The experiment contained two blocks (70 trials each; 140 trials in total). On average, a trial lasted 13 s. In 20 of the trials, the participant’s initial choice was fixed to be inconsistent with the choices of two peers – in other words, consistent with the choices of two peers. These trials were not included in the final analysis because they were used solely to maintain believability of the interaction between participant and the four peers. In one third of the remaining trials (40 trials), the group’s choices were hidden from the subject (the no information, or baseline condition). For the 40 trials of the incongruent condition, three or four group members’ choices differed from the choice of the participants. For the 40 trials of the congruent condition, one or none of the group members’ responses was inconsistent with that of participants. Before performing the task in the scanner, participants completed a training session that used four different offers; during this task, the choices of the other group members remained hidden.
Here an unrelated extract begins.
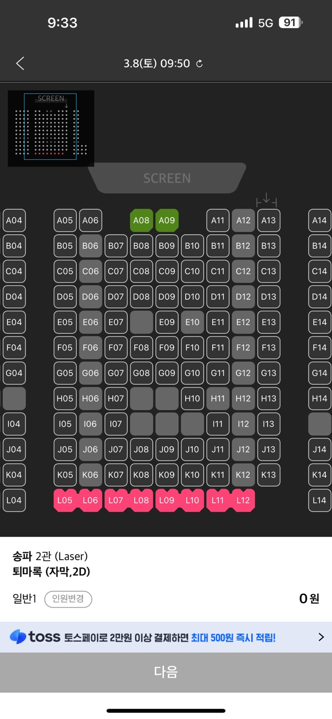 집에서 가까운 CGV 송파점에서 토요일 9:50 조조영화로 예매했습니다.
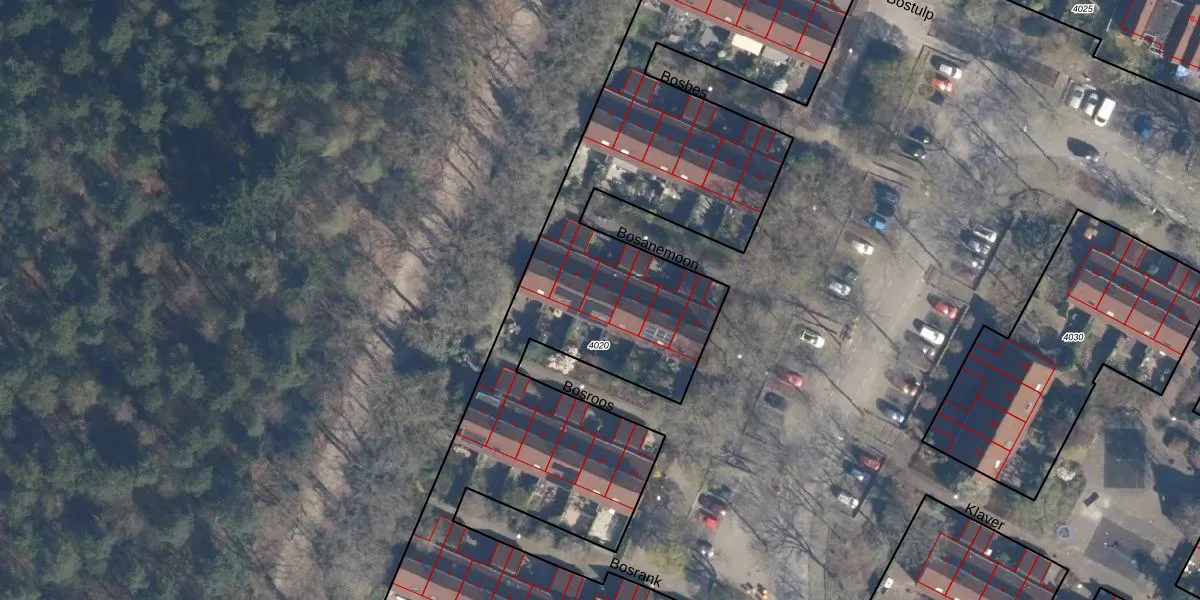 Het perceel waarop Bosanemoon 6 staat heeft een oppervlakte van 4080 m². Dit is een zeer groot perceel. De perceeloppervlakte wordt geregistreerd door het Kadaster. Gedetailleerde informatie over de maten van dit perceel kunt u vinden in het rapport Kadastrale kaart met maatvoering van Bosanemoon 6.

A PC running E-Prime 2.0 was used to display the stimuli and acquire the responses of the participants, as well as the reaction time (RT). Subjects viewed the experiment task by a mirror placed on the top of the image acquisition coil which could reflect the screen mounted at the back of the scanner.

Image Acquisition

Functional MRI data were acquired using a 3T Siemens Trio scanner. Each scan contains 435 functional volumes, using an echo-planar imaging (EPI) sequence with the following parameters: TR/TE = 2000/30 ms, flip angle = 90°, acquisition matrix = 64 × 64, FOV = 192 mm × 192 mm, axial slices = 32, thickness/gap = 3 mm/1 mm, voxel size = 3 mm × 3 mm × 3 mm. The first three images were discarded for the saturation effect.

Data Analysis

Image preprocessing was performed with statistical parametric mapping 8 (SPM8; Welcome Department of Imaging Neuroscience, University of London, UK). Functional images were first corrected for motion artifacts. Then images were interpolated to correct for slice timing, and spatially normalized into the Montreal Neurological Institute (MNI)-space using the SPM8 EPI template, and resampled into 3 mm × 3 mm × 3 mm voxels. Images were smoothed using an 8 mm3 full-width-at-half-maximum (FWHM) Gaussian kernel.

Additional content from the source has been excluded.